Soft-serve bribe near the T2 gates
Ice cream for dinner happens here: Dairy Queen sits airside in Terminal T2 and keeps kids locked on the dessert menu instead of the noodle shops next door. It’s a familiar US chain logo in a mostly Chinese-brand lineup, which is exactly why one Reddit user said it was “one of the only dessert chains I recognized” before a long-haul flight.
Figure low single digits in US dollars for a basic cone and several more for sundaes or Blizzards, which locals call expensive by China standards but still sit in normal airport pricing territory. This is squarely a $-tier stop: cheaper than a sit-down restaurant in PVG, more than a street shop downtown.
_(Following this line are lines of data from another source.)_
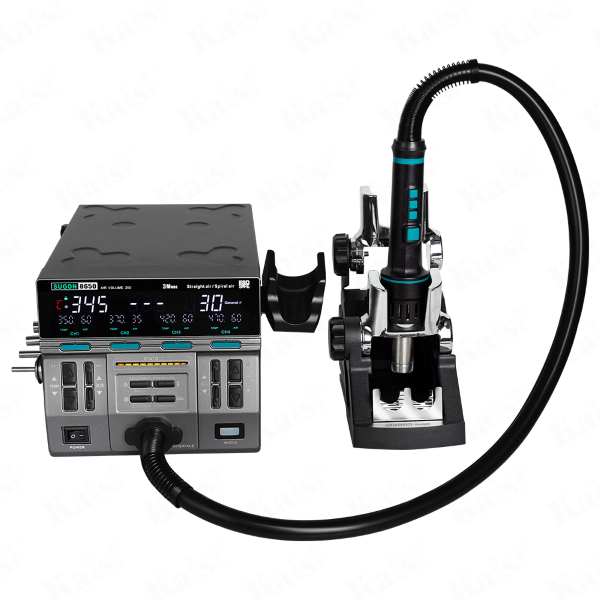 Achieve rapid heating up to 932°F in just 4 seconds with the powerful 1300W Dawning 8650. Featuring a temperature range of 212°F–1022°F and air volume settings from 1–200, this station offers 3 air outlet modes (gentle, general, rapid) for precise control. Save time with 4 customizable temperature memory buttons and a cold air function on the handle. Comes with 8 quick-swap nozzles and a silicone storage bracket. FCC, CE, and RoHS certified with auto cooling to extend lifespan. Includes 12-month warranty and support.
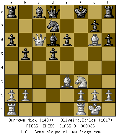 Last move : 1-0 2007 March 28 0:30:34 [Event "FICGS__CHESS__CLASS_D__000036"] [Site "FICGS"] [Date "2007.03.09"] [Round "1"] [White "Burrows,Nick"] [Black "Oliveira,Carlos"] [Result "1-0"] [WhiteElo "1400"] [BlackElo "1617"] 1.d4 d5 2.c4 e6 3.Nc3 c6 4.e3 Nf6 5.Nf3 Nbd7 6.Bd3 dxc4 7.Bxc4 Be7 8.O-O b5 9.Bd3 a6 10.e4 c5 11.e5 Nd5 12.Nxd5 exd5 13.Qc2 h6 14.e6 fxe6 15.Bg6+ Kf8 16.dxc5 Bxc5 17.Be3 Bd6 18.Qc6 1-0 QGD : Semi-Slav Kingside Castling by player White (move 8) Player White won this chess game. Follow this game move after move (download)First-class players lose to second class players because second-class players sometimes play a first-class game. (Tarrasch) Je mehr wir mit Computern analysieren, desto mehr glauben wir an Verteidigung. (Vladimir Kramnik) El Rey es una pieza de pelea. ¡Usenlo!. (Wilhelm Steinitz) Les Echecs sont affaire de jugement sensible. Savoir quand frapper et quand esquiver. (Fischer) The modern world has divided itself into Conservatives and Progressives. The business of Progressives is to go on making mistakes. The business of the Conservatives is to prevent the mistakes from being corrected. (G.K. Chesterton)
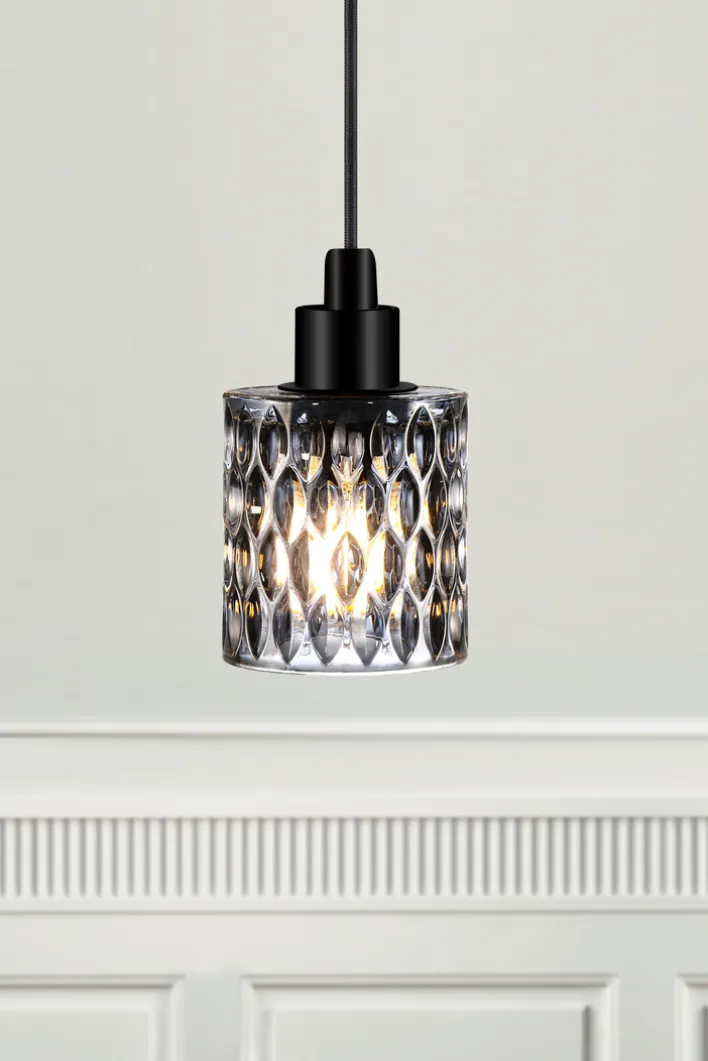 Die 1-flammige Retrofit Pendelleuchte HOLLYWOOD aus graufarbigem Glas sowie schwarzfarbigem Metall hat einen Durchmesser von 10,8 cm. Sie vereint klassische Gestaltungselemente mit moderner Formensprache.
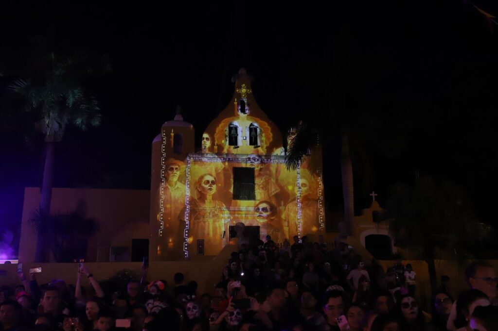 La ambientación en La Ermita sumergió a los espectadores en la esencia de la conmemoración con los video mapping sobre cosmovisión maya y el Janal Pixán, y otro sobre el agua. El kiosco y el Callejón de la Historia deslumbraron con iluminación contextual, decoraciones aéreas y música tradicional, para convertirse en puntos atractivos del recorrido.
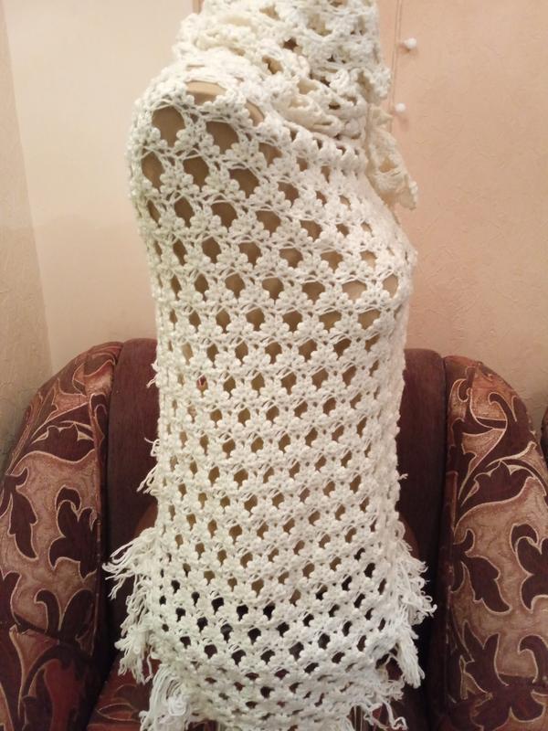 Шаль, хрустящая, связана крючком нитями белого цвета.Размеры изделия:185*130 см.

Portions match what you’d expect from DQ: soft-serve cones, sundaes with chocolate or strawberry sauce, and mix-ins similar to US Blizzards, with occasional green-tea or red-bean style flavors aimed at China-based passengers. No burgers, no hot dogs, and no real savory options, so treat it as dessert or a sugar snack, not a full meal before your T2 departure.
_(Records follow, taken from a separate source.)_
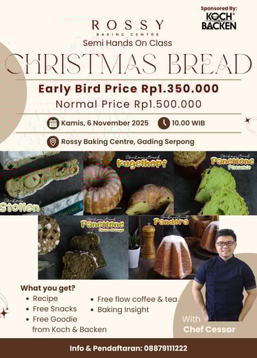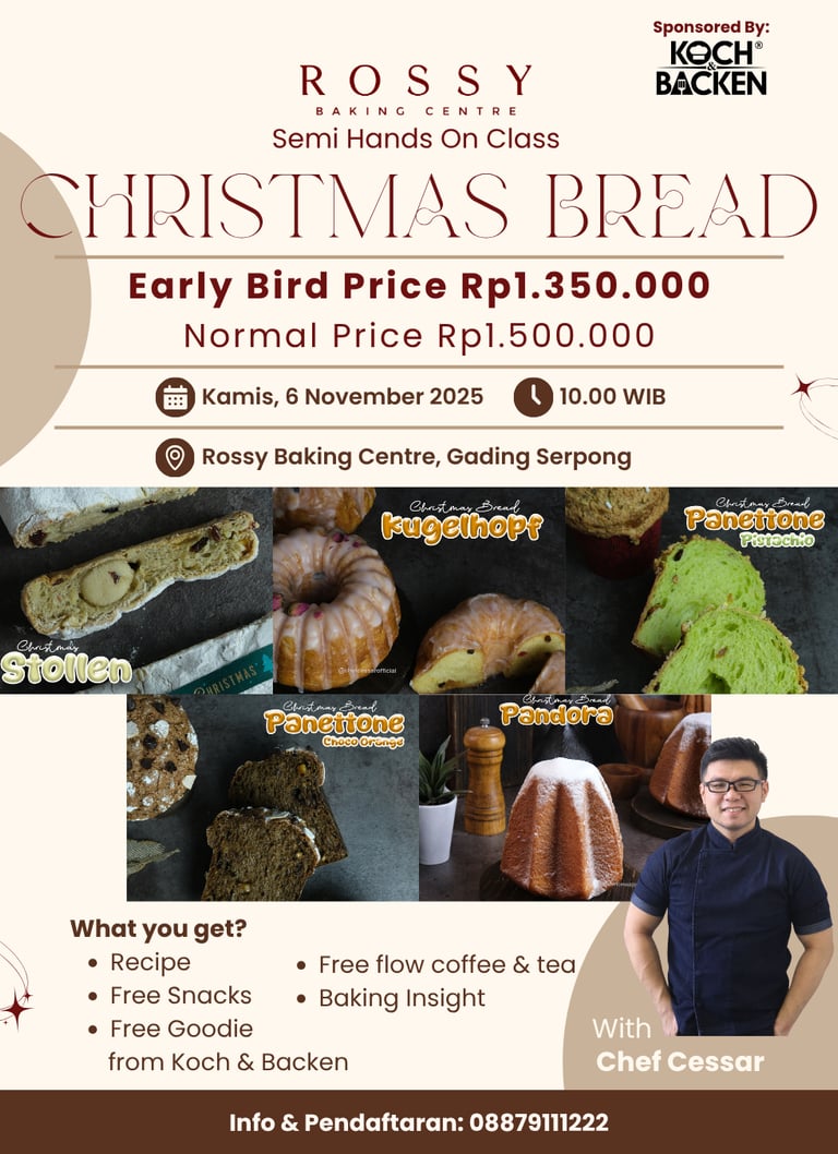 Semi Hands On Class with Chef Cessar! Dalam kelas ini kamu akan mempelajari 5 jenis Christmas Bread yang bikin ketagihan! Buat hari Natal mu makin spesial!
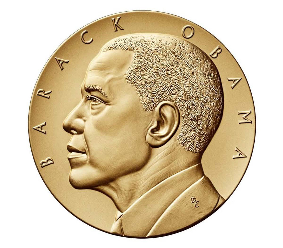 Features a distinguished side profile of President Obama, with his name, “Barack Obama,” inscribed along the edge.
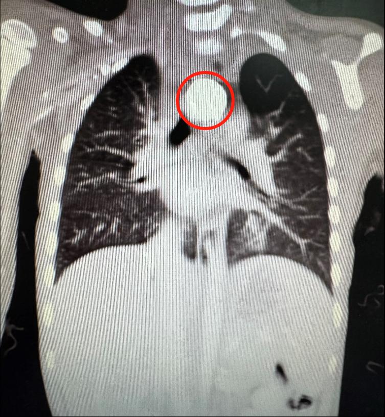 4岁的小雨(化名)出于好奇,将一枚纽扣电池吞进了肚子,家人却浑然不知。三天后,孩子突然剧烈呕吐、高烧不退,送当地医院检查才惊觉真相:纽扣电池死死卡在食管胸上段,紧邻气管与大动脉(主动脉)!此时,电池强腐蚀性电解液已开始“啃噬”周围组织,形成溃疡。
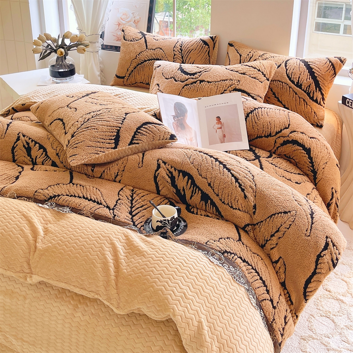 天之澜家纺 2025新款法式阳离子立体牛奶绒蕾丝四件套 一叶深情-卡其

Lines spike after the evening dinner window, especially once families drift over from nearby gates in T2 and queue for dessert around 19:00–21:00. That’s when you can easily burn 15–20 minutes just waiting for a Blizzard and another 5–10 for it to come up on the counter.
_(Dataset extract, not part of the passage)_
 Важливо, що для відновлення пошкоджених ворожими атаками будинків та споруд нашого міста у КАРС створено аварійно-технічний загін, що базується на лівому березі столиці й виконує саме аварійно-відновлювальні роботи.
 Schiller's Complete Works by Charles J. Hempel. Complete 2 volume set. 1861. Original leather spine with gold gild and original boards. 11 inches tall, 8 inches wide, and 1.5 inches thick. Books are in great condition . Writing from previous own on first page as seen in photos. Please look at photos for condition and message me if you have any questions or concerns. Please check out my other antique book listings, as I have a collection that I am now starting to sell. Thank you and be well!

Watch the clock if you’re on a tight connection: security in T2 can already chew up 30–40 minutes, and adding a DQ line on top of boarding for a 21:00 departure is how you end up speed-walking to gate checks with melting ice cream. The move: stop here right after clearing security, eat while you watch your exact gate assignment pop up on the T2 screens, then walk to boarding with clean hands instead of a dripping cone.